Quantization configurations is a dictionary mapping wildcards or filter functions to its quantizer attributes. The wildcards or filter functions are matched against the quantizer module names. The quantizer modules have names ending with weight_quantizer and input_quantizer and they perform weight quantization and input quantization (or activation quantization) respectively. The quantizer modules are instances of TensorQuantizer. The quantizer attributes are defined by QuantizerAttributeConfig. See QuantizerAttributeConfig for details on the quantizer attributes and their values.

An example config dictionary is given below:

See 量化格式 to learn more about the supported quantization formats. See 量化配置 for more details on config dictionary.
forward_loop (Callable[[Module], None] | None) –
A callable that forwards all calibration data through the model. This is used to gather statistics for calibration. It should take model as the argument. It does not need to return anything.

This argument is not required for weight-only quantization with the "max" algorithm.
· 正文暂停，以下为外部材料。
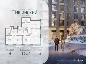 В продаже 4-комнатная квартира квартира в элитном квартале ''Тишинский бульвар''.Общая площадь квартиры - 136.70 кв.м. Этаж 3 из 14.Корпус К3.''Тишинский бульвар'' - тихий зелёный элитный квартал на Тишинке, в престижном и комфортном районе центра Москвы. В нём создан уникальный для элитного дома прогулочный бульвар в своём огромном парке 1,9 га. В парке оборудованы зоны для активного и тихого отдыха, крытые галереи, приватные зелёные комнаты, многофункциональная спортивная площадка, воркаут-зона, детская площадка, сухой фонтан, ручей.В пешей доступности Римско-католический кафедральный собор. Всего в полутора километрах от квартала находятся Патриаршие пруды - излюбленное место для летних прогулок, воскресных бранчей и романтических ужинов. Белая площадь расположена ещё ближе - на расстоянии 1,2 километра. Это точка концентрации деловой жизни и модных ресторанов.В ''Тишинский бульваре'' только для жителей и их гостей создан уникальный для элитного дома прогулочный бульвар в собственном огромном парке площадью 2,1 га, который занимает 70% территории квартала. Бульвар проходит через весь квартал и объединяет в общее пространство три двора: Кленовый, Рябиновый и Ивовый.В парке созданы крытые галереи и приватные зелёные комнаты для отдыха и медитаций в любую погоду. Насыщенное озеленение многолетними растениями с разными периодами цветения сохраняет территорию квартала красивой круглый год.В квартале насыщенная инфраструктура только для жителей, включая Clubhouse. Здесь оборудованы пространства для здорового образа жизни по стандарту FIT LAB: в парке - многофункциональная спортивная площадка, воркаут-зона, место для занятий йогой и медитации, бесплатный фитнес-клуб с бассейном. Для маленьких жителей доступны детская площадка и игровая комната по стандарту KIDS LAB.Дома оснащены самыми полными и лучшими системами.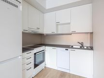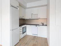 Keittiö on hieman erillään syvennyksessä ja siellä on hyvin lasku- ja kaappitilaa. Ruokapöydälle löytyy oma paikka olohuoneen yhteydessä.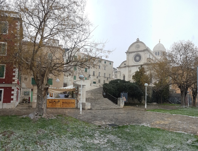 Prvi ovogodišnji snijeg u Šibeniku nije prouzročio veće probleme u prometu ni kretanju pješaka, a turistima koji su jutros stigli u Šibeniku priredio je prizore koji se rijetko vide. U Šibeniku su stigli kruzerom.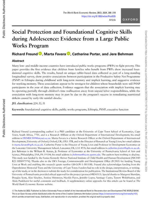【The World Bank】【2024】Social Protection and Foundational Cognitive Skills during Adolescence Evidence from a Large Public Works Program-23页 学术论文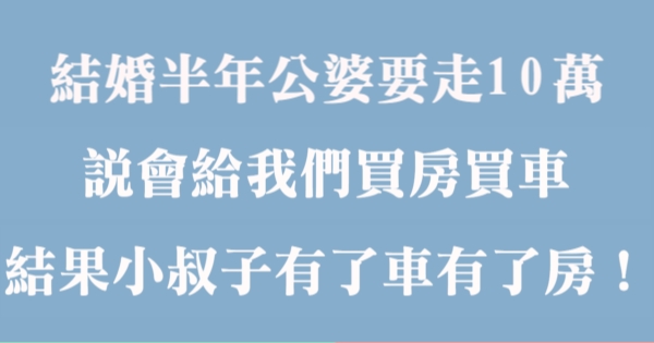 哈摟哈摟各位讀者~~我是有錢人這麼想小編Choco!今天要來說說關於「結婚半年公婆要走10萬,說會給我們買房買車,結果小叔子有了車有了房!」,不知道大家有沒有興趣呢!一起來看看是怎麼樣的事吧!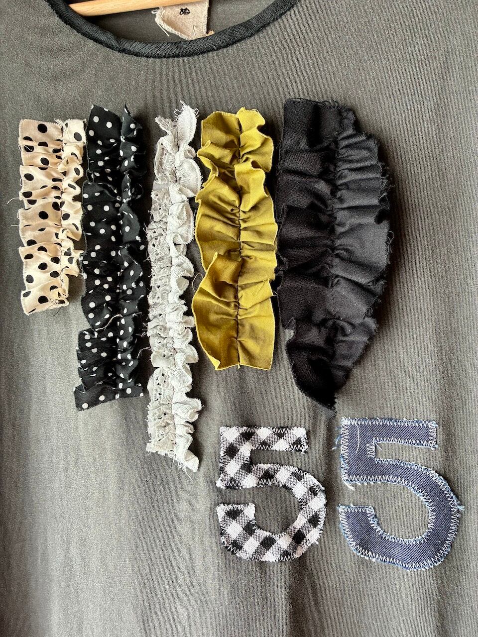 モノトーンのハギレをフリルにして縫い付けました。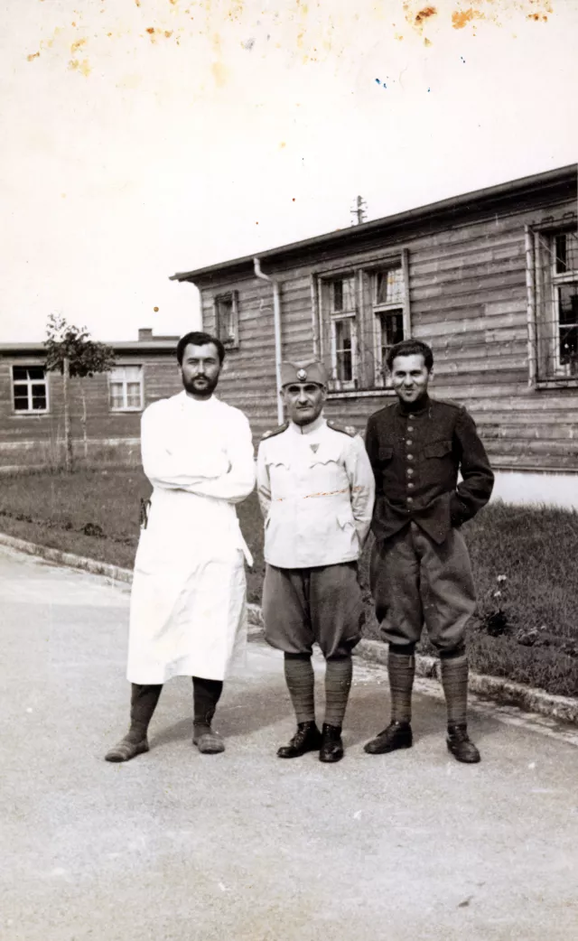 My father Haim Baruhovic is pictured here with with two other POWs outside a building in a POW camp in Biberak, Germany. The photo was taken in 1942.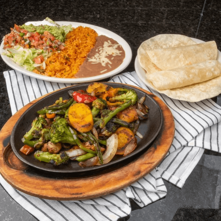 Mix of fresh seasonal vegetables cooked on the grill with our house seasoning, served with rice, beans, lettuce, pico de gallo, guacamole, sour cream and flour tortillas
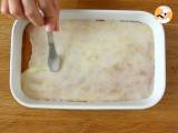 Über den Brownie gießen und vorsichtig verteilen, da die Oberseite des Brownies etwas empfindlich ist.
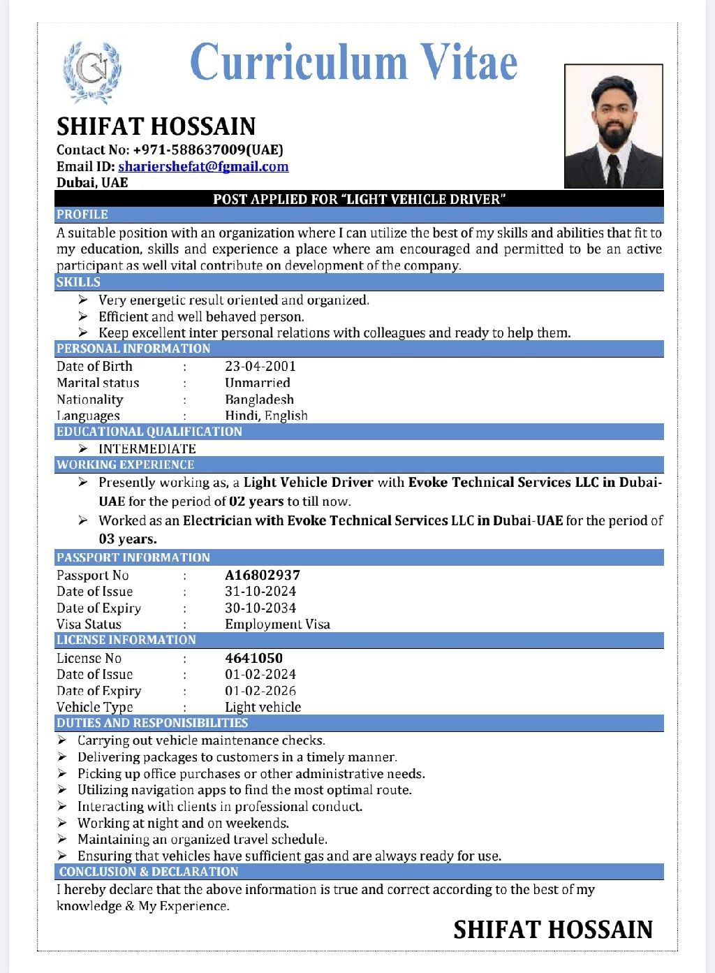 My name is sifat. I am looking for the driver job in Abu Dhabi & Dubai. I have more than 4 years experience work in Dubai. I work is company driver and personal driver. I speak English and Hindi Urdu. if some one need the driver so call or WhatsApp for more details please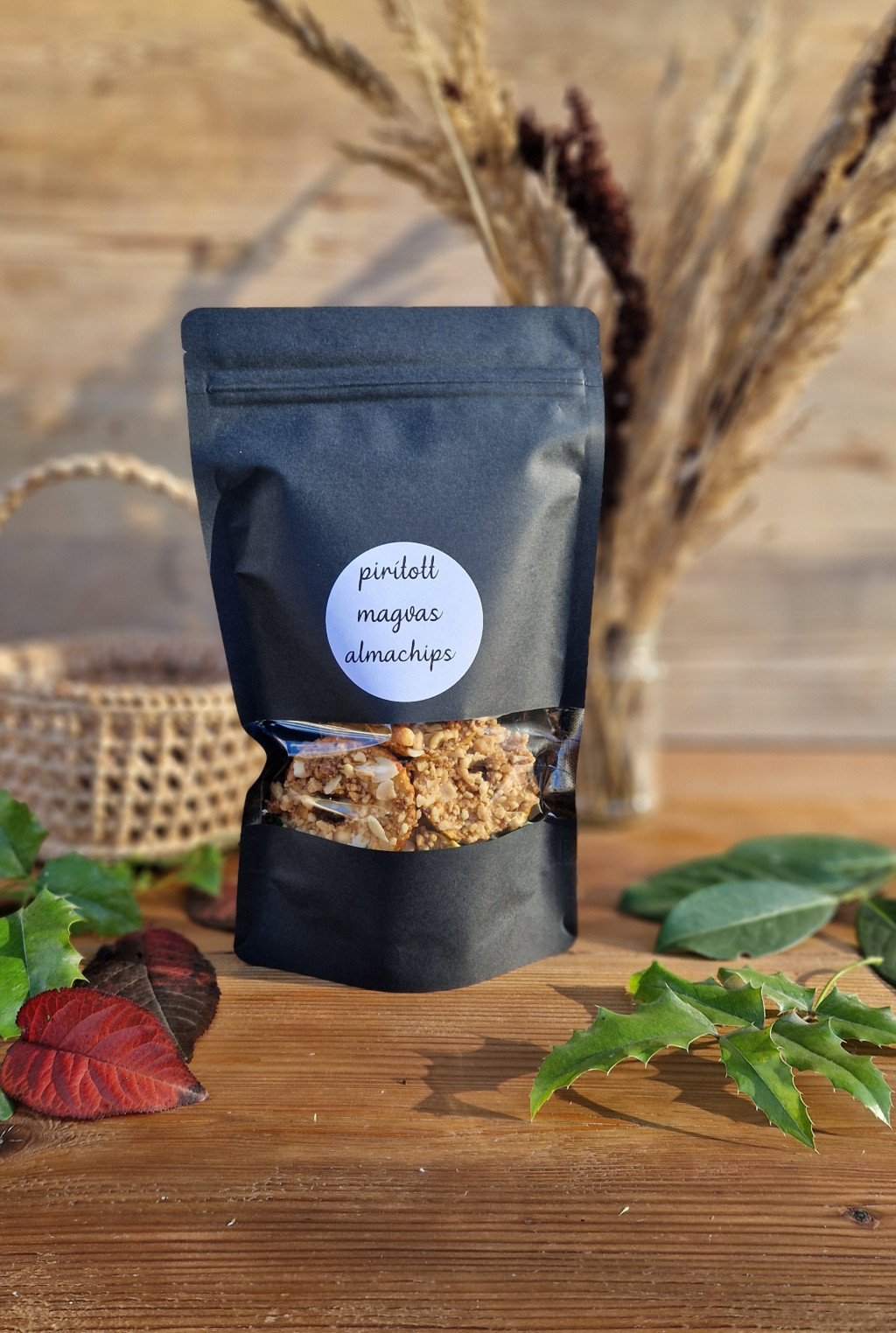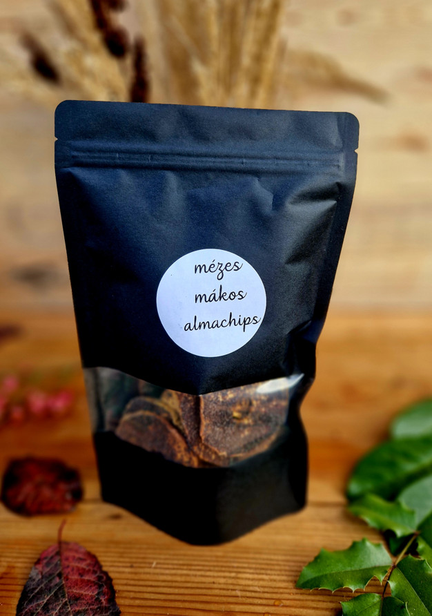 Mézes mákos almachips Egy ősi tartósítási módszer igazán modern köntösben: ezek a mi ropogós almachipseink.  Az almát mézzel és (darált és egész szemű)  mákkal ízesítjük, ropogósra aszaljuk és visszazárható tasakba csomagoljuk, hogy ropogósságát sokáig megőrizze. Tárolása száraz, hűvös, hideg helyen, napfénytől védve! A csomag 120 gramm mézes mákos almachipset tartalmaz.

Here are a few examples for correct forward_loop definitions: Example 1:
```
def forward_loop(model) -> None:
    # iterate over the data loader and forward data through the model
    for batch in data_loader:
        model(batch)
```
Example 2:
```
def forward_loop(model) -> float:
    # evaluate the model on the task
    return evaluate(model, task, ....)
```
Example 3:
```
def forward_loop(model) -> None:
    # run evaluation pipeline
    evaluator.model = model
    evaluator.evaluate()
```
Note

Calibration does not require forwarding the entire dataset through the model. Please subsample the dataset or reduce the number of batches if needed.

Return type:

模块

返回：一个已经量化和校准的pytorch模型。